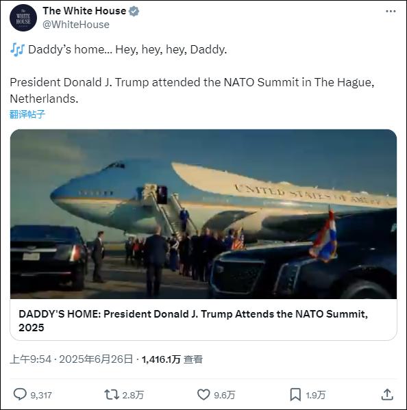 报道称,吕特的“爸爸说”,也很快被白宫方面加以炒作。后来,白宫在其社交媒体X平台账号发布了一分多钟的视频,回顾了特朗普重回北约峰会的画面,并使用了亚瑟小子的歌曲《爸爸回来了》(Daddy’s Home)作为背景音乐,甚至配文写道:“爸爸回来了…嘿嘿嘿,爸爸。(Daddy’s home… Hey,hey,hey,Daddy.)”
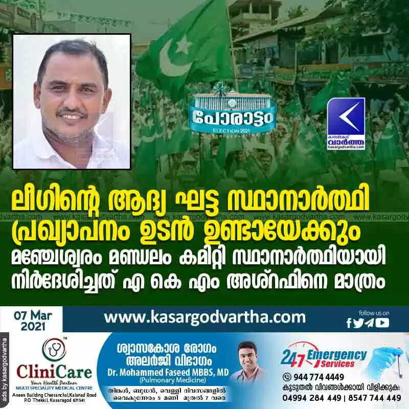 ലീഗിൻ്റെ ആദ്യ ഘട്ട സ്ഥാനാർത്ഥി പ്രഖ്യാപനം ഉടൻ ഉണ്ടായേക്കും; മഞ്ചേശ്വരം മണ്ഡലം കമിറ്റി സ്ഥാനാർത്ഥിയായി നിർദേശിച്ചത് എ കെ എം അശ്റഫിനെ മാത്രം
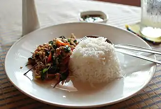 - Kraphao moe raad khao: Met sojasaus, knoflook, chilipepers en Thais basilicum (bai kraphao: Ocimum tenuiflorum) gebakken varkensgehakt geserveerd met/op witte rijst. Wanneer hieraan khai dao wordt toegevoegd, betekent het dat er een gebakken ei bij wordt geserveerd.
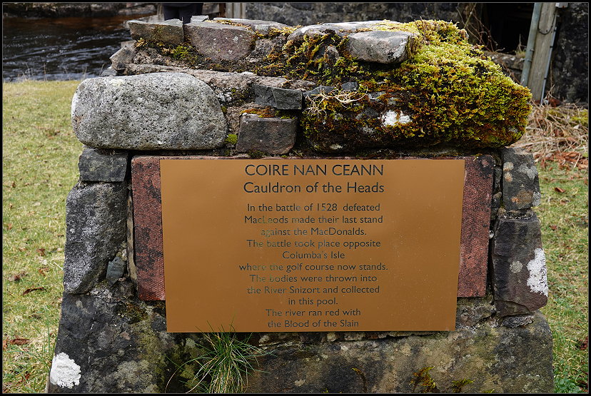 Auf der kleinen Insel mitten im Fluss Snizort stand zwischen 1079 und 1498 die Kathedralkirche des Bishop of the Isles. Gemäß der Überlieferung wurde die Kathedrale an einem Ort errichtet, an dem Columba, ein irischer Abt und Missionsevangelist, der das Kloster auf Iona gründete, von einem Felsen aus predigte. Dieser Felsen wurde später als St. Columbas Fels bekannt.
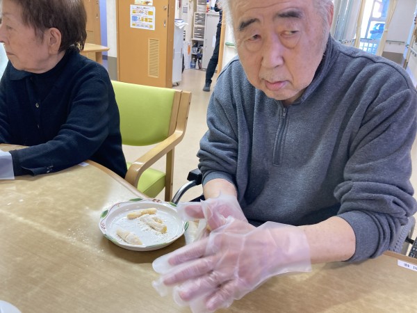 今日は、皆が大好きな かりんとう作りをしました(^O^)/(*^^)v 手袋はめて生地をコロコロ丸めて、「これは私の分よ!」とか「これ全部食べてもいいの?」なんて欲張りさんもいて(≧▽≦)
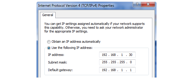 The IPv4 address 192.168.1.30 will be used for this purpose and the steps to set this up with Windows 7 are as follows:
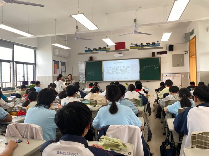 语文组尚芹芹老师开设校级公开课《记承天寺夜游》 来源: 发布时间:2023-10-12 11:03:37 浏览次数: 次 【字体:小 大】 10月9日,尚芹芹老师开设校级公开课《记承天寺夜游》。该堂课先以“名人小百科——苏轼”视频激趣导入。然后通过朗读引导学生走入文本,通过绘制人物心路曲线图把握文章大意。随后紧扣“乐”与“闲”,通过品析文中的景物描写和议论、抒情语句,引导学生深入文本情境,体悟苏轼随缘自适的旷达情怀。最后通过苏轼同时期作品的拓展阅读以及阅读书目推荐,引导学生从课内走到课外,拓宽阅读视野。 分享到: 【打印正文】
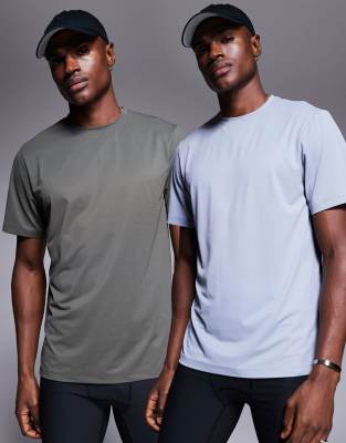 Icon Active Quick Dry Muscle Fit Base Layer Training T-shirt 2 Pack In Multi

→ What you have to do:
When you copy the data, keep every line exact and leave out each picture.

→ Exercise output:
 报道称,吕特的“爸爸说”,也很快被白宫方面加以炒作。后来,白宫在其社交媒体X平台账号发布了一分多钟的视频,回顾了特朗普重回北约峰会的画面,并使用了亚瑟小子的歌曲《爸爸回来了》(Daddy’s Home)作为背景音乐,甚至配文写道:“爸爸回来了…嘿嘿嘿,爸爸。(Daddy’s home… Hey,hey,hey,Daddy.)”
 ലീഗിൻ്റെ ആദ്യ ഘട്ട സ്ഥാനാർത്ഥി പ്രഖ്യാപനം ഉടൻ ഉണ്ടായേക്കും; മഞ്ചേശ്വരം മണ്ഡലം കമിറ്റി സ്ഥാനാർത്ഥിയായി നിർദേശിച്ചത് എ കെ എം അശ്റഫിനെ മാത്രം
 - Kraphao moe raad khao: Met sojasaus, knoflook, chilipepers en Thais basilicum (bai kraphao: Ocimum tenuiflorum) gebakken varkensgehakt geserveerd met/op witte rijst. Wanneer hieraan khai dao wordt toegevoegd, betekent het dat er een gebakken ei bij wordt geserveerd.
 Auf der kleinen Insel mitten im Fluss Snizort stand zwischen 1079 und 1498 die Kathedralkirche des Bishop of the Isles. Gemäß der Überlieferung wurde die Kathedrale an einem Ort errichtet, an dem Columba, ein irischer Abt und Missionsevangelist, der das Kloster auf Iona gründete, von einem Felsen aus predigte. Dieser Felsen wurde später als St. Columbas Fels bekannt.
 今日は、皆が大好きな かりんとう作りをしました(^O^)/(*^^)v 手袋はめて生地をコロコロ丸めて、「これは私の分よ!」とか「これ全部食べてもいいの?」なんて欲張りさんもいて(≧▽≦)
 The IPv4 address 192.168.1.30 will be used for this purpose and the steps to set this up with Windows 7 are as follows:
 语文组尚芹芹老师开设校级公开课《记承天寺夜游》 来源: 发布时间:2023-10-12 11:03:37 浏览次数: 次 【字体:小 大】 10月9日,尚芹芹老师开设校级公开课《记承天寺夜游》。该堂课先以“名人小百科——苏轼”视频激趣导入。然后通过朗读引导学生走入文本,通过绘制人物心路曲线图把握文章大意。随后紧扣“乐”与“闲”,通过品析文中的景物描写和议论、抒情语句,引导学生深入文本情境,体悟苏轼随缘自适的旷达情怀。最后通过苏轼同时期作品的拓展阅读以及阅读书目推荐,引导学生从课内走到课外,拓宽阅读视野。 分享到: 【打印正文】
 Icon Active Quick Dry Muscle Fit Base Layer Training T-shirt 2 Pack In Multi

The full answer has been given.